The Diet of Worms ends when Charles V, Holy Roman Emperor, issues the Edict of Worms, declaring Martin Luther an outlaw.

The Diet of Worms of 1521 (German: Reichstag zu Worms [ˈʁaɪçstaːk tsuː ˈvɔʁms]) was an imperial diet (a formal deliberative assembly) of the Holy Roman Empire called by Emperor Charles V and conducted in the Imperial Free City of Worms. Martin Luther was summoned to the Diet in order to renounce or reaffirm his views in response to a Papal bull of Pope Leo X. In answer to questioning, he defended these views and refused to recant them.
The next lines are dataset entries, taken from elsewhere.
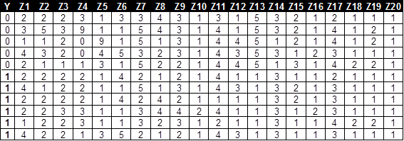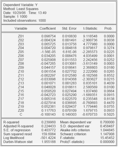 Построим регрессию Y на факторы Z1-Z20 по методу линейной регрессии (табл.14.)
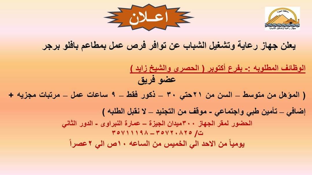 أعلن جهاز تشغيل الشباب بالجيزة عن توافر فرصة عمل بمطاعم بافلو برجر.
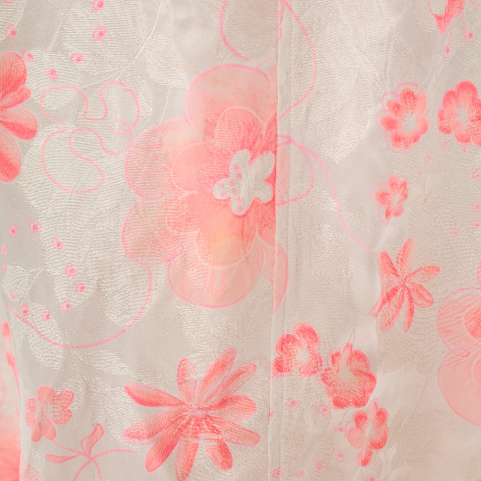 70s Courrèges Paris Wrap Dress Halter Neck Floral Print Vintage Couture French Designer Gown Double Belted Waist Pink White Extra Small XS 0
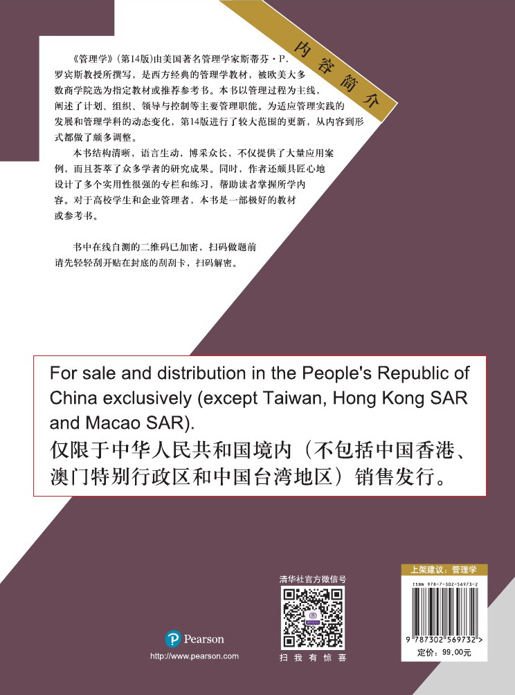 《管理学》由美国著名管理学家斯蒂芬?P. 罗宾斯教授所撰写,是西方经典的管理学教材,被欧美大多数商学院选为指定教材或推荐参考书。本书以管理过程为主线,分别阐述了管理的主要职能:决策、计划、组织与领导。为适应管理实践的发展和管理学科的动态变化,第12版进行了较大范围的更新,从内容到形式都做了颇多调整。 本书结构清晰,语言生动,不仅提供了大量的应用案例,而且荟萃了众多学者的研究成果。同时,作者还颇具匠心地设计了多个实用性很强的专栏和练习,帮助读者掌握所学内容。

At the end of the Diet, the Emperor issued the Edict of Worms (Wormser Edikt), a decree which condemned Luther as "a notorious heretic" and banned citizens of the Empire from propagating his ideas. Although the Protestant Reformation is usually considered to have begun in 1517, the edict signals the first overt schism.

The diet was conducted from 28 January to 25 May 1521 at the Heylshof Garden, with the Emperor presiding. Other imperial diets took place at Worms in the years 829, 926, 1076, 1122, 1495, and 1545, but unless plainly qualified, the term "Diet of Worms" usually refers to the assembly of 1521.